AMD’s Results Show the Race Is Not Frozen
NVIDIA still owns the strongest headline position, but AMD’s MLPerf Training 6.0 submission shows a maturing alternative path. AMD said its Instinct MI355X platform came within 5% of NVIDIA B200 on Llama 2 70B fine-tuning and within 6% on Llama 3.1 8B pretraining in the closed division. It also emphasized a 3.5x generational improvement from its first MI300X training submission to MI355X on Llama 2 70B fine-tuning.
The more interesting AMD detail is scale-out validation. AMD and Oracle Cloud Infrastructure submitted FLUX.1 results at 512 GPUs, while AMD listed partner participation from Oracle, Dell, HPE, Cisco, Supermicro, MiTAC, Akash, KRAI, Vultr, and GigaComputing. Partner submissions close to AMD’s own results are a sign that ROCm, kernels, communication libraries, and server integrations are becoming more repeatable across the ecosystem.
That does not erase NVIDIA’s lead. It does suggest the training market is becoming less binary. Buyers with enough scale will still care about absolute time-to-train, but they will also compare memory capacity, software maturity, cloud availability, pricing, procurement risk, and whether a given model stack is already tuned for their workload.
The Next Benchmark Problem Is Agents
Training is only one side of the infrastructure story. NVIDIA also pointed this week to AgentPerf results from Artificial Analysis, a benchmark designed around agentic workloads rather than single-turn inference. The first published results use DeepSeek V4 Pro and measure how many concurrent agent tasks a system can support while meeting responsiveness and output-rate thresholds.
That workload behaves differently from a chatbot prompt. Coding agents read files, call tools, run commands, revise code, and carry expanding context across many model calls. AgentPerf simulates tool-call delays and CPU processing time so the accelerator results are tied to the model-serving part of the chain. NVIDIA says GB300 NVL72 ran up to 20 times more agents per megawatt than HGX H200 in the first round.

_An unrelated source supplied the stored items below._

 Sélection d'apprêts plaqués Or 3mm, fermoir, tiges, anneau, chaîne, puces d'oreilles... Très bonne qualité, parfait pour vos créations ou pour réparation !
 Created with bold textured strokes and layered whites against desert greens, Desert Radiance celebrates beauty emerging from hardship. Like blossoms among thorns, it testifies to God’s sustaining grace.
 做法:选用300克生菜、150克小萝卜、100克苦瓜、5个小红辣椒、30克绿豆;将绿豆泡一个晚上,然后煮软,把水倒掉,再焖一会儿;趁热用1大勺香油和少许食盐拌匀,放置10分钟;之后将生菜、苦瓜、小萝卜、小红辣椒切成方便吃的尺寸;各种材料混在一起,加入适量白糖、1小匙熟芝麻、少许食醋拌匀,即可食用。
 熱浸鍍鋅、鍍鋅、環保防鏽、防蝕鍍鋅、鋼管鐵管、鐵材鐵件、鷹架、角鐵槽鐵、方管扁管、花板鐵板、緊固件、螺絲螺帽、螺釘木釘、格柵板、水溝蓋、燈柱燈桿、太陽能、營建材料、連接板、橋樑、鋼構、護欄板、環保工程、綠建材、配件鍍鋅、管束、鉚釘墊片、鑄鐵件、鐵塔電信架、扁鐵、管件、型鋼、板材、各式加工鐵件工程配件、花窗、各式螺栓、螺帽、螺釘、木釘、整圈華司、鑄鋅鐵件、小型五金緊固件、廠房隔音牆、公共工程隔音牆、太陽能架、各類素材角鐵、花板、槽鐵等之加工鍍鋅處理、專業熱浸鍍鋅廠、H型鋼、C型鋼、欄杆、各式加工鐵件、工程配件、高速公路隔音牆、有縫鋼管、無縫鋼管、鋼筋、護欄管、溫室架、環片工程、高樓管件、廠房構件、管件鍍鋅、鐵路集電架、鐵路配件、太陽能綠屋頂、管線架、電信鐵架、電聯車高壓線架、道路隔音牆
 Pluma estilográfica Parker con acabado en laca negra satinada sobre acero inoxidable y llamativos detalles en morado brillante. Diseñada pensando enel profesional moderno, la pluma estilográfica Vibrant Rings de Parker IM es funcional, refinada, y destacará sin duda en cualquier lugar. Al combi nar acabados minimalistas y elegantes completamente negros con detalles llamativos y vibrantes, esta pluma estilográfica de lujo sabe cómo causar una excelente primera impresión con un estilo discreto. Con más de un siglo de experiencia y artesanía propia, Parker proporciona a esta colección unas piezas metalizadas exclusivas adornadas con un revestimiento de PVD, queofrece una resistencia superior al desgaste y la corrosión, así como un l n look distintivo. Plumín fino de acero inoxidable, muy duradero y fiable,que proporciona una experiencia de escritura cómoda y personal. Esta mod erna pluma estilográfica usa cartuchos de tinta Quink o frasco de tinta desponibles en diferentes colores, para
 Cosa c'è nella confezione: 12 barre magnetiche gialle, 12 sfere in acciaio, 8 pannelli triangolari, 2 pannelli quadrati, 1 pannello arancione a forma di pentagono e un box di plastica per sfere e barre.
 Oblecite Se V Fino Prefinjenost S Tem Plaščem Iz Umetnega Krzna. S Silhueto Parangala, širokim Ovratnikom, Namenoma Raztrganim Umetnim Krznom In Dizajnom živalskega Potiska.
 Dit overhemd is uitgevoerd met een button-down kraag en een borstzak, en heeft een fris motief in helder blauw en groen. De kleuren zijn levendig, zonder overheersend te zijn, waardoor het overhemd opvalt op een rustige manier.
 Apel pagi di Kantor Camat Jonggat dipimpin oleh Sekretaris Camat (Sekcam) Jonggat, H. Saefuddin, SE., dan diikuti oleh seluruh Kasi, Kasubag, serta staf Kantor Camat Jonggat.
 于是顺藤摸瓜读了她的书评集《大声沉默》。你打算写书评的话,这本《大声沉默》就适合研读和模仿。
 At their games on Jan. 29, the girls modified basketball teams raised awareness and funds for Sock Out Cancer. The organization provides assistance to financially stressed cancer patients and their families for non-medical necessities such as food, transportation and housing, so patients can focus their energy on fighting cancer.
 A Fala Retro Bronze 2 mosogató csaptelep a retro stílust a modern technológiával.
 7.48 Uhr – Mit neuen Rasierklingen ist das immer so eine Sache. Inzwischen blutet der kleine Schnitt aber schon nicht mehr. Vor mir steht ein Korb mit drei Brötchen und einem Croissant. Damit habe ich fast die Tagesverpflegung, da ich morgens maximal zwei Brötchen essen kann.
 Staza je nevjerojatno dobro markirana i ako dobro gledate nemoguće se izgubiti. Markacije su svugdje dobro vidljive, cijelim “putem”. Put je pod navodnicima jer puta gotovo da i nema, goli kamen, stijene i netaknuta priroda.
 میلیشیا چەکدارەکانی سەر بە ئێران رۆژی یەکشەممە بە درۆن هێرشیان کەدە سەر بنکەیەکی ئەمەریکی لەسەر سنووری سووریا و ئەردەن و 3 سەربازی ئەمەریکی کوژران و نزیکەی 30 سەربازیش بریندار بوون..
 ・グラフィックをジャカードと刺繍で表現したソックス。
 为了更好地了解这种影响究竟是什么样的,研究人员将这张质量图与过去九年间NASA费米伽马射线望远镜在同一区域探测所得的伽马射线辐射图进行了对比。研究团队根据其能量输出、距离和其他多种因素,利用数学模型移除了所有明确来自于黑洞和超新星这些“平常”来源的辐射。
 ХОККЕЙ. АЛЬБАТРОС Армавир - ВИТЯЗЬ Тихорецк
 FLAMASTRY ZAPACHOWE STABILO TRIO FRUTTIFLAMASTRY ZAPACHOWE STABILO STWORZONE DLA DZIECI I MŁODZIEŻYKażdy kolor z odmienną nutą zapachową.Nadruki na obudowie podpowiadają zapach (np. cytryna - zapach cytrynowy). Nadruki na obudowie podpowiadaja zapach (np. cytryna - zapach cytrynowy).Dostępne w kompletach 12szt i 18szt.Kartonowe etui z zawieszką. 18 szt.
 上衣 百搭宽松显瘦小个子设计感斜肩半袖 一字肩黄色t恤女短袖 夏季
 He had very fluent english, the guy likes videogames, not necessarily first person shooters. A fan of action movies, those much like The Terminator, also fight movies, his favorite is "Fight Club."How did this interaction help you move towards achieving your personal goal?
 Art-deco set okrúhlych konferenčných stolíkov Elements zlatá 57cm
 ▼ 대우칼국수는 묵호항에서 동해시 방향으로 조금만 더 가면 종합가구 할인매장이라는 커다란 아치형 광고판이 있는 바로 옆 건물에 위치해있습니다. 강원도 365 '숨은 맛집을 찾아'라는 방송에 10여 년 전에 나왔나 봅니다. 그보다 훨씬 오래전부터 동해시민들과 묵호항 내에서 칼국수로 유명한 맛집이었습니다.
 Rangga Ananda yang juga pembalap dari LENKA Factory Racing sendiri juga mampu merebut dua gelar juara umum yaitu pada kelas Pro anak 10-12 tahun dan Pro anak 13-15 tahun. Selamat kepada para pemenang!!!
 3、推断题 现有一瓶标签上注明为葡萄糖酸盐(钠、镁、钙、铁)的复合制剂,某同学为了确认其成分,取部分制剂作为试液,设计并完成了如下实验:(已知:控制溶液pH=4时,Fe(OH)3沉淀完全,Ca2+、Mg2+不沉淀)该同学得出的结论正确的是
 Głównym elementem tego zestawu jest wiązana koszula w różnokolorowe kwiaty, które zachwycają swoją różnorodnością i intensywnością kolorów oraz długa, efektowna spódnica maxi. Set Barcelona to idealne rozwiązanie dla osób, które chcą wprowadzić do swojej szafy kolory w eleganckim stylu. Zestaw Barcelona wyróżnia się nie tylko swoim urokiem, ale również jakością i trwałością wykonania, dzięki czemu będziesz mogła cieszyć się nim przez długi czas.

The timing is useful. AI infrastructure buyers are being asked to fund training clusters, inference fleets, private AI clouds, and agent platforms at the same time. MLPerf Training 6.0 and early agent benchmarks are not perfect proxies for any one company’s workload, but they push the conversation toward the right questions: how sparse models train, how rack-scale systems communicate, how cloud providers reproduce vendor performance, and how much useful AI work can be delivered per watt and per dollar.
That is the real takeaway from this benchmark round. The AI infrastructure race is no longer only about who has the fastest accelerator. It is about which full stack can keep increasingly irregular AI workloads moving without wasting the most expensive hardware in the data center.